Working data START

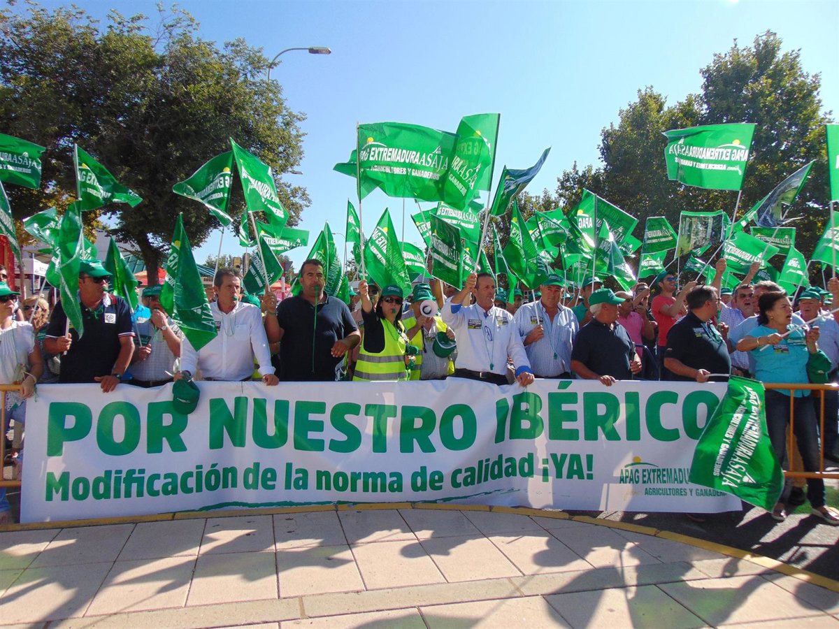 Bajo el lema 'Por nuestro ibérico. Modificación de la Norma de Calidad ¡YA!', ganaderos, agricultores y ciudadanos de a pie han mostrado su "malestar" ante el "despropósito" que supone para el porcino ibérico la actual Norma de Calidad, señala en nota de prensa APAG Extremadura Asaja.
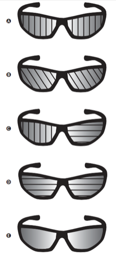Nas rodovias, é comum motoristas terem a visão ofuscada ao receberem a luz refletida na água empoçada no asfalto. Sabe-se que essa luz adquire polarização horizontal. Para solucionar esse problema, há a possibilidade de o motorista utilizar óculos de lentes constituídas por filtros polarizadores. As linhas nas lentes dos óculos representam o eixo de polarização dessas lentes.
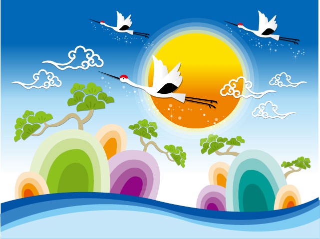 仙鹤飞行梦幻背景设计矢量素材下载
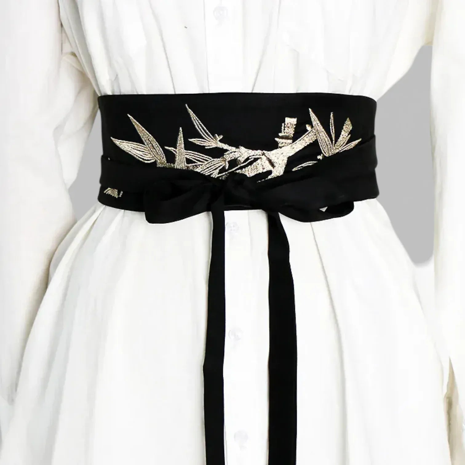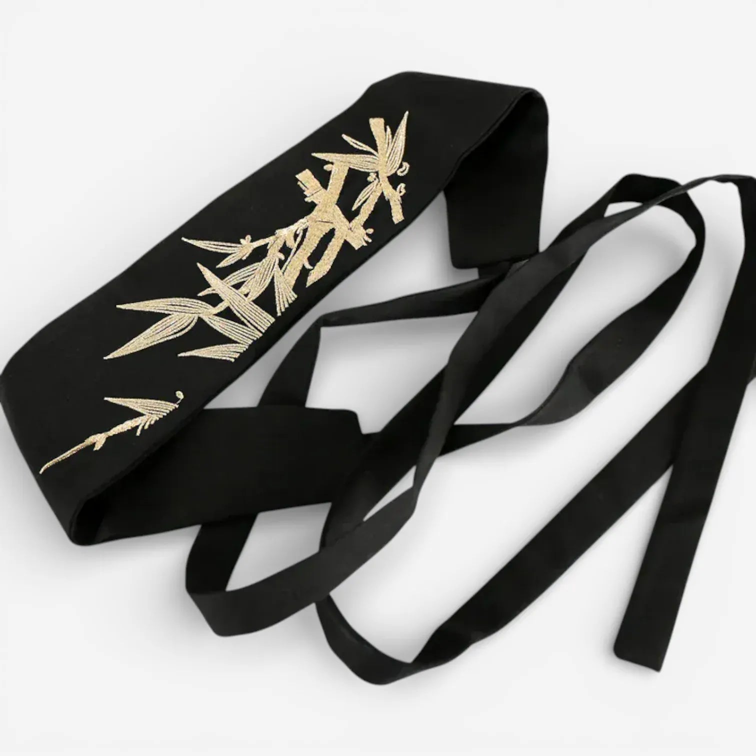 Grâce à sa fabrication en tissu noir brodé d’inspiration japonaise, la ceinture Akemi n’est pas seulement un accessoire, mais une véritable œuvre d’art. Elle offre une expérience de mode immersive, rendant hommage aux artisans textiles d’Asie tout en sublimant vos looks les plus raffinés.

Working data END
Working data START

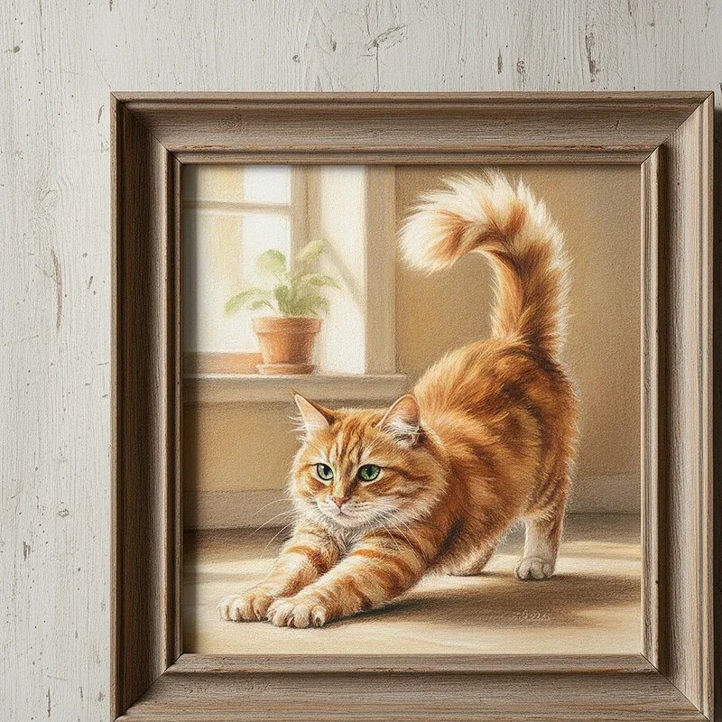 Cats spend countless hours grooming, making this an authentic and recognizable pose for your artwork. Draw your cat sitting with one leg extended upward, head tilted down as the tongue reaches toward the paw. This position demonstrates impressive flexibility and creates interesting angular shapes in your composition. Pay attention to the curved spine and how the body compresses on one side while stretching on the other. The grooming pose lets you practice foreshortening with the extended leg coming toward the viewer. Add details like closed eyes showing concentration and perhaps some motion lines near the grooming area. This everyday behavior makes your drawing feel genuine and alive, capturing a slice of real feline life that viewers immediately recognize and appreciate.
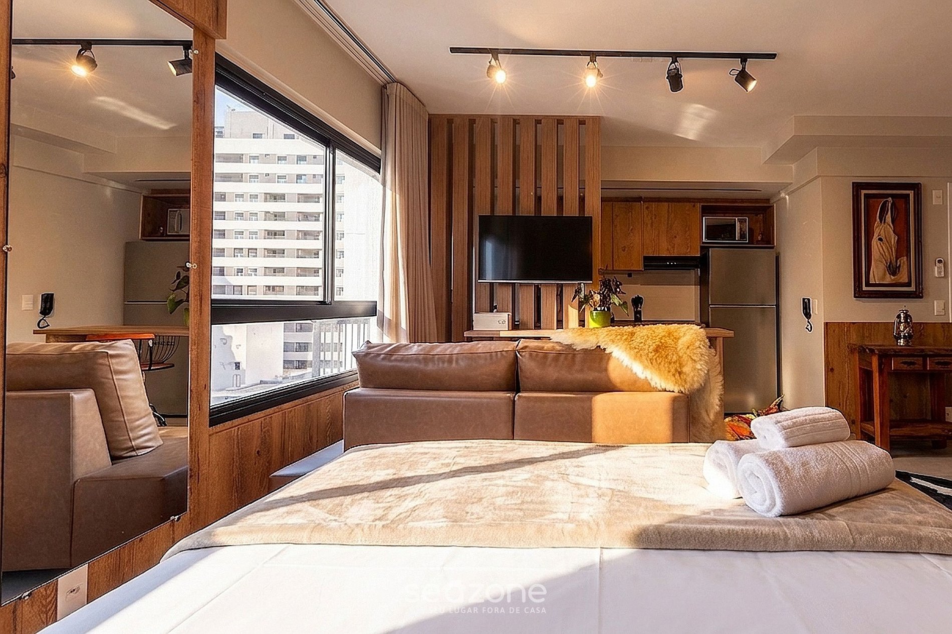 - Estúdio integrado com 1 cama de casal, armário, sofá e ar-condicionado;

Working data END

• What is being asked: Start at the line containing "仙鹤飞行梦幻背景设计矢量素材下载" above and stop at the line containing "Grâce à sa fabrication". Output those lines exactly, both included, but none of the pictures.

• Written response:
 仙鹤飞行梦幻背景设计矢量素材下载
 Grâce à sa fabrication en tissu noir brodé d’inspiration japonaise, la ceinture Akemi n’est pas seulement un accessoire, mais une véritable œuvre d’art. Elle offre une expérience de mode immersive, rendant hommage aux artisans textiles d’Asie tout en sublimant vos looks les plus raffinés.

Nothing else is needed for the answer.